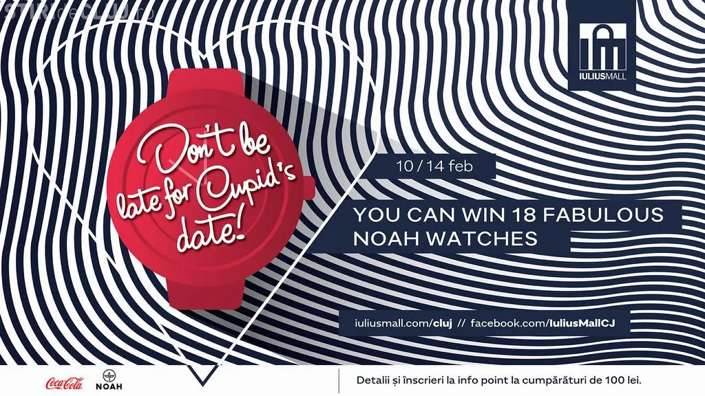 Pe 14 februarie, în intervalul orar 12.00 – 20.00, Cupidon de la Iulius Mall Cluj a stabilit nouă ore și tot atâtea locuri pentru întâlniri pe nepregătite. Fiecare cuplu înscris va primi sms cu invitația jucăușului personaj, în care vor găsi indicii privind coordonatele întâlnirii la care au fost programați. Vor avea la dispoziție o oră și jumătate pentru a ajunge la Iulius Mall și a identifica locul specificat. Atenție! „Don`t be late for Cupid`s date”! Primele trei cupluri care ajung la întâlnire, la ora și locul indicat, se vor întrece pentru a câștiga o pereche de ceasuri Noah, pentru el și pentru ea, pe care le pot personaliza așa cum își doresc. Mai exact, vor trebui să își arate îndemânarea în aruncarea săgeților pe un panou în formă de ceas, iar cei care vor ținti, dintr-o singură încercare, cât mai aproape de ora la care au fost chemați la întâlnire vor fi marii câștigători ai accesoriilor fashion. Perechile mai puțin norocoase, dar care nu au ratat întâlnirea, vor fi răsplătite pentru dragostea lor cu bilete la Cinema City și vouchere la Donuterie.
* * *
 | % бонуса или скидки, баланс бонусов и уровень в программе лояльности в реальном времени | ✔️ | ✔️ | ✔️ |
...
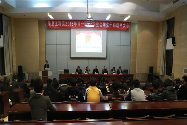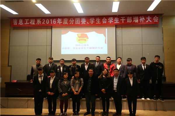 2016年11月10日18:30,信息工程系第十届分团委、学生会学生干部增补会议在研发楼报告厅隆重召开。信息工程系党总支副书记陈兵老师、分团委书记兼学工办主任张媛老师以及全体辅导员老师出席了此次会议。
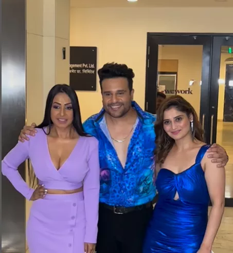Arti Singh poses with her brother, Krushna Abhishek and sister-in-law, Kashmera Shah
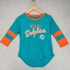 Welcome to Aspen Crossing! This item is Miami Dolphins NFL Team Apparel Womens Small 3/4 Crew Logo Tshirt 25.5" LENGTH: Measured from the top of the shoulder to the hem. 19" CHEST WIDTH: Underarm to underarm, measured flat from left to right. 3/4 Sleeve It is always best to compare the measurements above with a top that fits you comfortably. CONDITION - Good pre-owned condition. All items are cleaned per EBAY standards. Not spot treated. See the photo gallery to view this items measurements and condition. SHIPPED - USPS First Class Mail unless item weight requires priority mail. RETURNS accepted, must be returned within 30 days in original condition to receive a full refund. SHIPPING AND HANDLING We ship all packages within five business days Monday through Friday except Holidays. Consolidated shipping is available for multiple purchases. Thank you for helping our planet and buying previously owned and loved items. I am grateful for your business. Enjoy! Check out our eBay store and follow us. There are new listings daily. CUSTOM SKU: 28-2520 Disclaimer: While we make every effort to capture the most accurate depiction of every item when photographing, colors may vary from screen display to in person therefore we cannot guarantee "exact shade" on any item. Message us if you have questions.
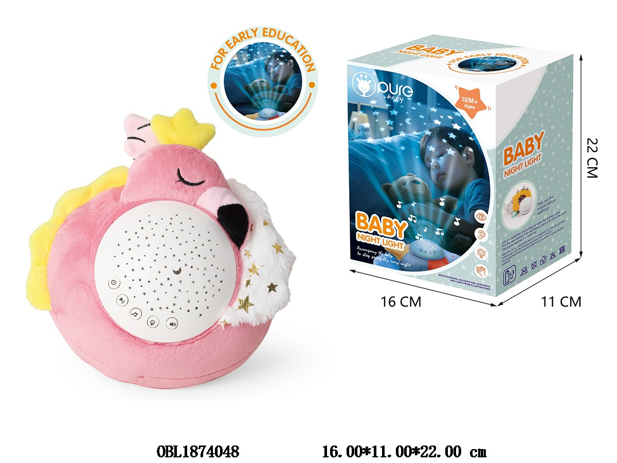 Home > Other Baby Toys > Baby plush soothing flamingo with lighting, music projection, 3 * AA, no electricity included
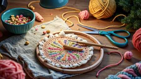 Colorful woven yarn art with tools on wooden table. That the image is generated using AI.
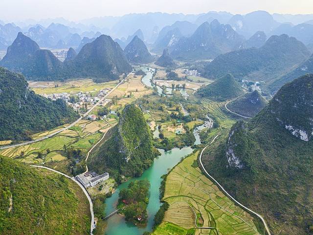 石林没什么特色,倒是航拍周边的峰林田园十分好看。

* **WHAT YOU HAVE TO DO**:
What you return from the records above should be exactly everything from the line with "2016年11月10日18:30,信息工" down to the line with "Home > Other", both kept, and no pictures.

* **OUTPUT**:
 2016年11月10日18:30,信息工程系第十届分团委、学生会学生干部增补会议在研发楼报告厅隆重召开。信息工程系党总支副书记陈兵老师、分团委书记兼学工办主任张媛老师以及全体辅导员老师出席了此次会议。
Arti Singh poses with her brother, Krushna Abhishek and sister-in-law, Kashmera Shah
 Welcome to Aspen Crossing! This item is Miami Dolphins NFL Team Apparel Womens Small 3/4 Crew Logo Tshirt 25.5" LENGTH: Measured from the top of the shoulder to the hem. 19" CHEST WIDTH: Underarm to underarm, measured flat from left to right. 3/4 Sleeve It is always best to compare the measurements above with a top that fits you comfortably. CONDITION - Good pre-owned condition. All items are cleaned per EBAY standards. Not spot treated. See the photo gallery to view this items measurements and condition. SHIPPED - USPS First Class Mail unless item weight requires priority mail. RETURNS accepted, must be returned within 30 days in original condition to receive a full refund. SHIPPING AND HANDLING We ship all packages within five business days Monday through Friday except Holidays. Consolidated shipping is available for multiple purchases. Thank you for helping our planet and buying previously owned and loved items. I am grateful for your business. Enjoy! Check out our eBay store and follow us. There are new listings daily. CUSTOM SKU: 28-2520 Disclaimer: While we make every effort to capture the most accurate depiction of every item when photographing, colors may vary from screen display to in person therefore we cannot guarantee "exact shade" on any item. Message us if you have questions.
 Home > Other Baby Toys > Baby plush soothing flamingo with lighting, music projection, 3 * AA, no electricity included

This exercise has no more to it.